> **EXERCISE GOAL**: Every line below between the one holding "Retirement Party Colourful" and the one holding "Duracell Value Charger", inclusive, should be copied exactly, and no other line.

> **INFORMATION PROVIDED**:
——
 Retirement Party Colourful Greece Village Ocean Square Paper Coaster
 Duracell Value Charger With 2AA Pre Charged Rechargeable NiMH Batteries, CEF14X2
——
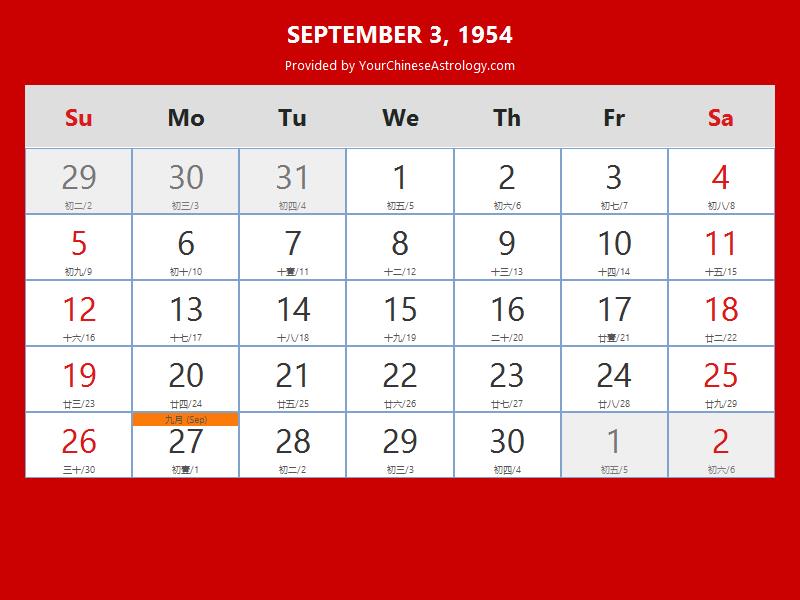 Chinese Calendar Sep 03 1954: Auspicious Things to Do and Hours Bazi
——
> **ANSWER SECTION**:
 Retirement Party Colourful Greece Village Ocean Square Paper Coaster
 Duracell Value Charger With 2AA Pre Charged Rechargeable NiMH Batteries, CEF14X2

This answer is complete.